Generally, NIC 904 may include one or more ports, each comprising an instance of transceiver PHY circuitry 906. NIC 904 includes circuitry for implementing a packet processing pipeline 928. This circuitry may include pre-programmed logic (e.g., an Application Specific Integrated Circuit), programmable logic (e.g., a Field Programmable Gate Array), embedded software/firmware running on one or more processing elements, or any combination of these. NIC 904 may also include circuitry/logic for implementing one or more layers in an Rx network stack 930 and a Tx network stack 932. For example, these network stacks may include one or more layers above the MAC layer, such as the network layer and transport layers. NIC 904 further includes a PCIe interface 934 and a Direct Memory Access (DMA) block 936.


Compute Node 902 includes a System on a Chip (SoC) 938 having a central processing unit (CPU) 940 including multiple cores. Generally, there may be one or more types of cores, as are known in the art. The cores may include caches, such as L1 and L2 caches (not shown). SoC 938 may further include a shared cache, such as a last layer cache (LLC) or L3 cache. Various components on SoC 938 are interconnected via interconnect structures that are collectively depicted as interconnects 942. The interconnect structure may comprise an interconnect hierarchy having multiple levels with applicable bridges or the like to facilitate communication between different protocols when such protocols are implemented at different levels. These protocols include PCIe, with SoC 938 including one or more PCIe interfaces, such as PCIe interface 946 which is coupled to PCIe interface 934. SoC 938 also has one or more memory interfaces 944, such as integrated memory controller(s) (iMC). The iMC is connected to memory 948, which is representative of one or more memory devices having various form factors.
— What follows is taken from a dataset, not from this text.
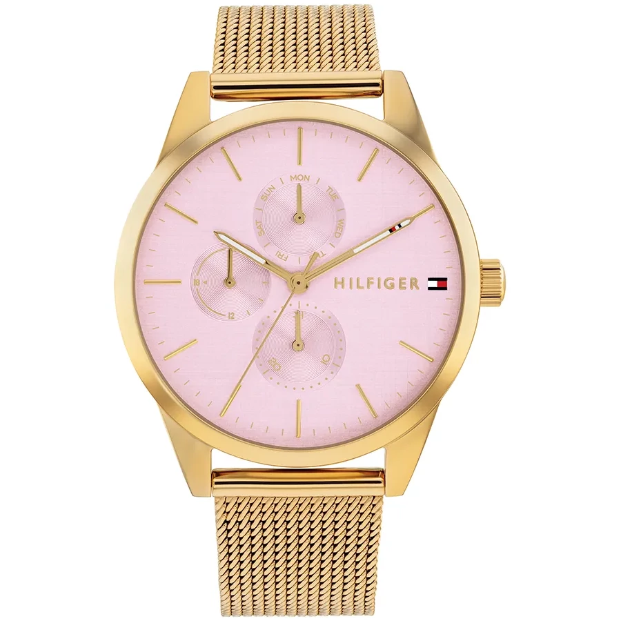 A TOMMY HILFIGER CAMILLE BTH17827693 karóra cseppálló, rozé ( rózsa arany ) színű nemesacél tokkal, edzett kristályüveggel, rozé ( rózsa arany ) színű acélcsattal, csúszkás csatközéppel készül. Az órát pontos quartz óraszerkezet működteti, mely elemmel működik (kb. 3 év az elem várható élettartama). Az óráról a pontos idő mellett leolvasható a nap, a nap neve és a 24-órás mutatóról a napszak is.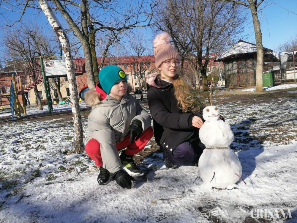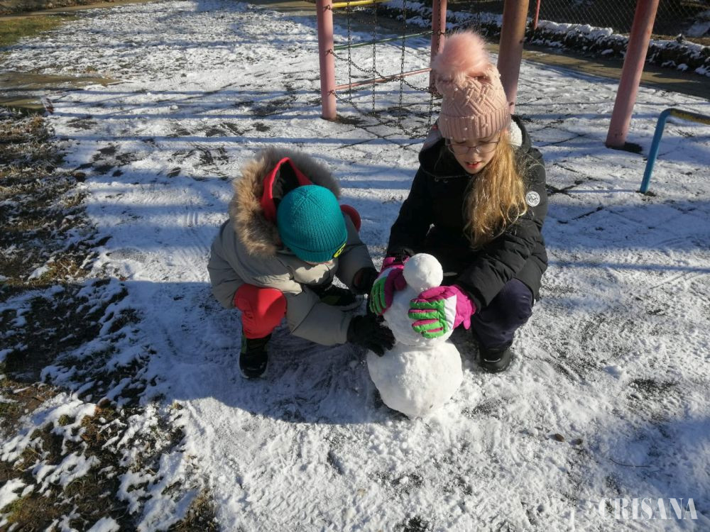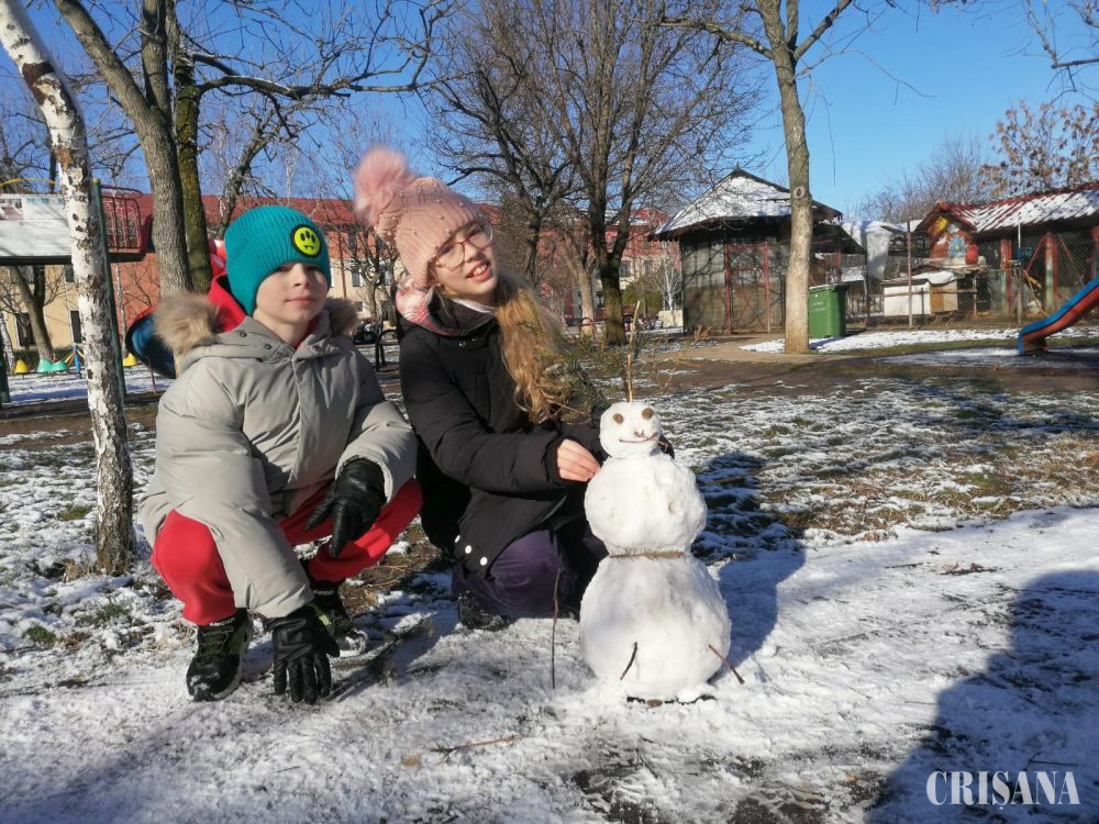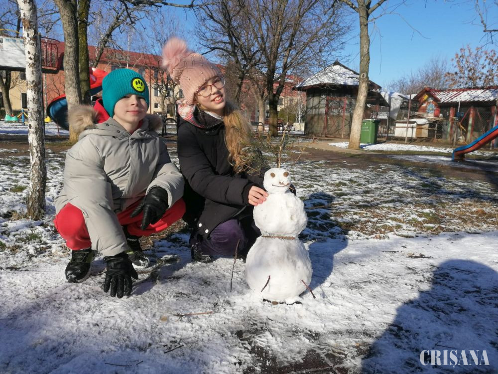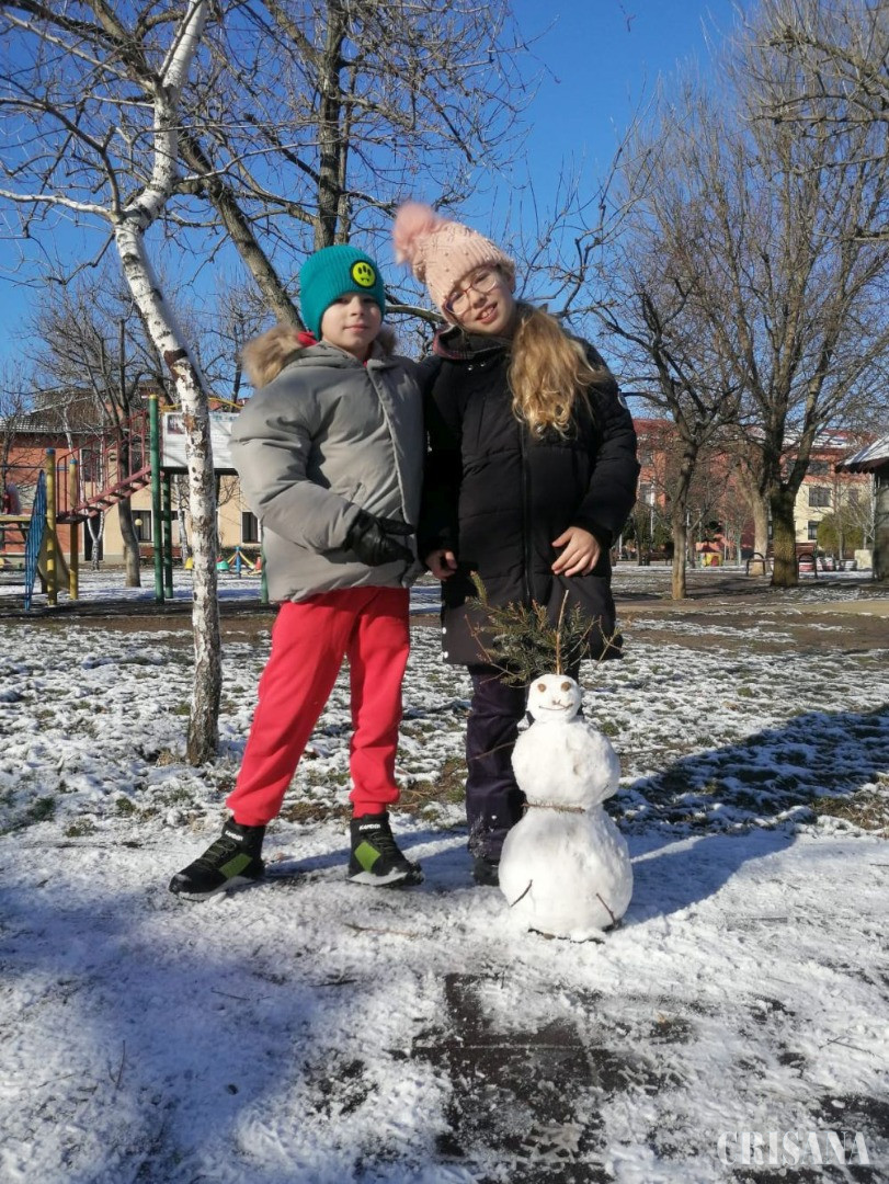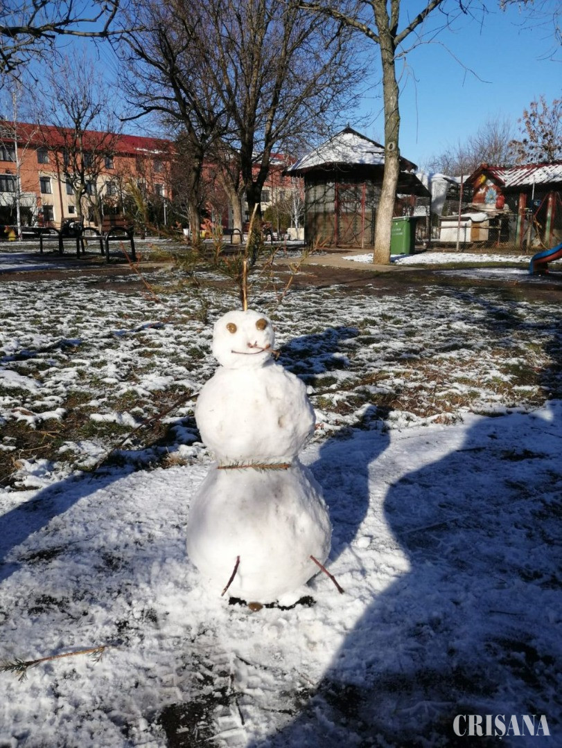 În parcul Liceului Don Orione din Oradea, „omuleții” au răsărit parcă din pământ, modelați de mâinile dibace ale micilor artiști. Sub soarele prietenos, zăpada s-a adunat mai repede, iar prieteniile între copii s-au legat ușor. De ani de zile, Teodora, în vârstă de zece ani, și Casian, de opt anișori, fac omuleți de zăpadă în parc, atunci când au bucuria să ningă peste oraș. Cei doi se înțeleg perfect, în special atunci când își propun să creeze ceva frumos împreună. Așadar, sâmbătă, copiii nu au părăsit parcul școlii până nu și-au definitivat lucrările, cu bucurie în suflet și bujori în obrăjori. Atmosfera a fost la fel de albă în tot orașul, chiar dacă nu la fel de veselă și pentru șoferi, care au fost nevoiți să fie mai atenți atunci când au ieșit în trafic.

Generally, the memory devices may be mounted to a system board or the like to which SoC 938 is mounted, or may include memory modules or the like, such as DIMMs (Dual In-line Memory Modules), SODIMMs (Small Outline Dual In-line Memory Modules), or CAMM (Compression Attached Memory Module) memory modules. During operation, NIC 904 uses DMA block 936 to directly write data to and directly read data from memory 948 without requiring use of CPU 940.


In some embodiments, circuitry in the dashed block comprises a host 950, with the circuitry mounted on or otherwise deployed on a circuit board or the like that is separate from a circuit board used for NIC 904. For example, NIC 904 may be implemented as a PCIe board that is installed in a PCIe expansion slot on the system board used for compute node 902. Under other embodiments, the circuitry for host 950 and NIC 904 are mounted on a single board. In some embodiments, NIC 904 comprises an SoC, with transceiver PHY circuitry 906 comprising embedded circuitry on the SoC rather than implemented in a separate PHY chip or PHY/MAC chip.


System architecture 900 further includes a link partner 952 including an Rx port 554 and a Tx port 556. As shown, compute node 902 and link partner 952 are linked in communication via an Ethernet link 958 supporting bi-directional communication. Generally, link partners may take various forms, such as but not limited to pairs of compute nodes, pairs of NICs, pairs of infrastructure processing units (IPUs) or data processing units (DPUs), or a mixture of these (e.g., compute node to NIC/IPU/DPU, NIC to switch port implementing LSP, etc.)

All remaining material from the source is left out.